The CBO disagrees on how much the USDA is likely to spend from the account and how much would be saved by the farm bill’s provision. Because the provision “could be interpreted in multiple ways,” the CBO said in the 27-page document that it was not clear whether the bill’s language “would prevent the USDA from spending funds under its Section 5 authority.”

Ultimately, the CBO estimated that the CCC rule could save $3.6 billion in fiscal years 2025 through 2033 with a 50% probability.

Meanwhile, the CBO estimated that the bill would increase the cost of the extractive programs by $43.4 billion over the same period. Other cuts in the bill reduce the net cost increase to $33 billion.

In a statement, Thompson said he would work with the CBO and the House Budget Committee, chaired by Texas Republican Jodey Arrington, who represents a major cotton-growing district, “to achieve a clear and defensible interpretation of the Section 5 discretionary power limitation.”

In theory, Arrington could order the CBO to give the CCC provision the budgetary rating Republicans want, but doing so would risk a political backlash in the House of Representatives and would not gain acceptance in the Democratic-dominated Senate anyway.

“Passing a five-year agriculture bill is a long process that involves many steps and requires a lot of hard work,” Thompson said. “Today’s CBO assessment is part of that process, but tells me that more work needs to be done to ensure the bill – which has been consistently praised by everyone along the agriculture value chain – can be brought across the finish line.”

House Agriculture Committee leader David Scott of Georgia and Senate Agriculture Committee Chair Debbie Stabenow (D-Michigan) immediately issued statements urging Thompson to abandon his efforts to pass this version of the bill.

Improvements to the PLC program, as well as a provision that would allow enrollment of up to 30 million acres of base area, would increase PLC payments by $34.9 billion, the CBO said. Payments for agriculture risk coverage would increase by $9.7 billion. Increases in marketing credit interest rates and changes to cotton marketing credits would add another $700 million to the bill’s cost.

The cost of the Dairy Margin Coverage program would increase by $300 million, in part because the bill would give participating producers the opportunity to update the amount of eligible production.

The cost of the federal crop insurance program will be increased by $3.5 billion, in part through increased premium subsidies for the supplemental insurance option.

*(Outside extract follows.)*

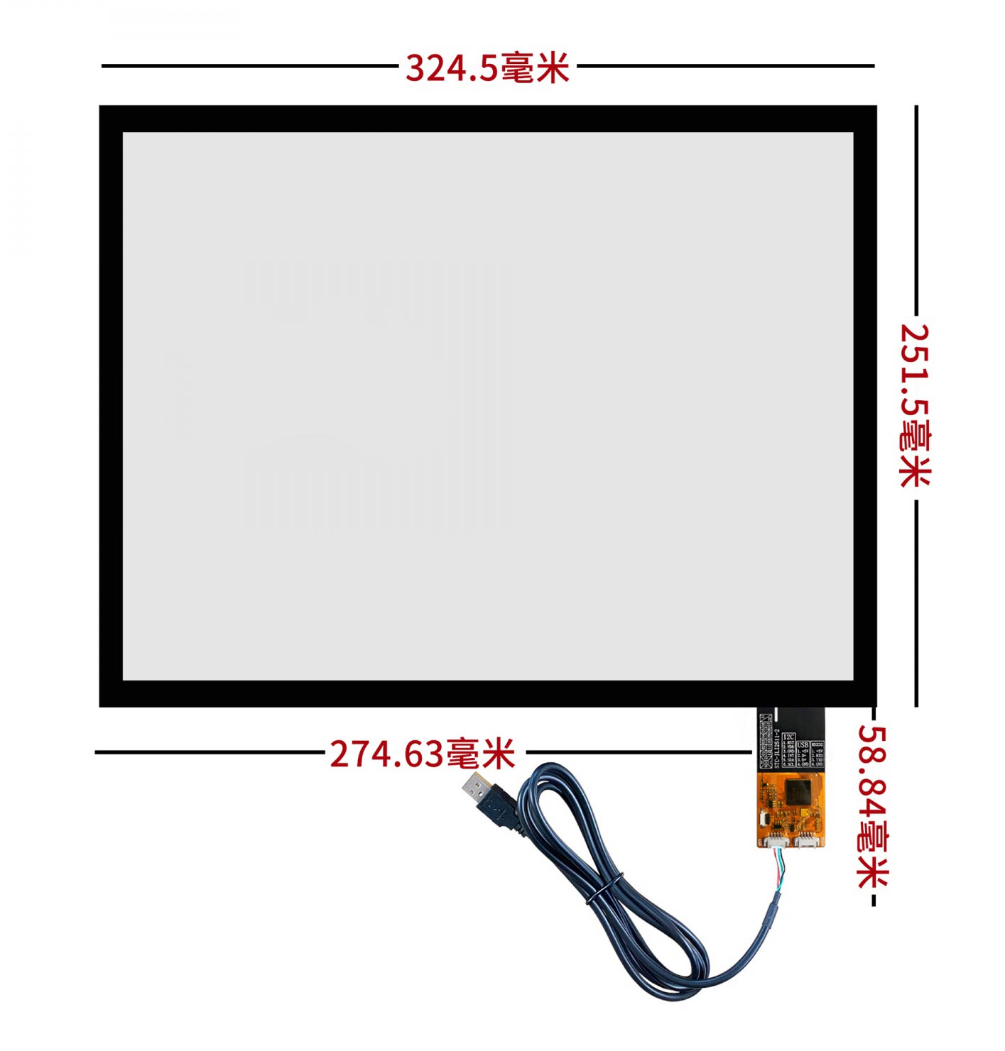15.0寸电容触摸屏规格 型号:15191 屏幕类型:平面 触摸IC:ILI2511 触点数量:10点 接口方式:IIC+USB 接口位置:右下

About $1.5 billion of this increase would be covered by increased administrative and operating funds for the insurance industry.

The bill would incorporate $13.2 billion in conservation funding from the Inflation Reduction Act into the bill, resulting in permanent increases in funding levels for several other conservation programs.

Funding for the Environmental Quality Incentives Program would be increased from $2 billion per year under current law to $2.5 billion annually, for a total increase of $2.6 billion by 2033.

Funding for the Conservation Stewardship Program would increase from $1 billion to $1.4 billion, for a total increase of $2.1 billion.

While the Conservation Reserve Program does not benefit from IRA funds, its costs would increase by $1.6 billion by 2033 due to changes made by the law, which include increased benefits for landowners.

The bill cuts the nutrition budget by a net $20 billion by placing restrictions on future updates to the Thrifty Food Plan, which would save an estimated $29.4 billion. TFP is an economic model of nutrition costs used to determine Supplemental Nutrition Assistance Program benefits.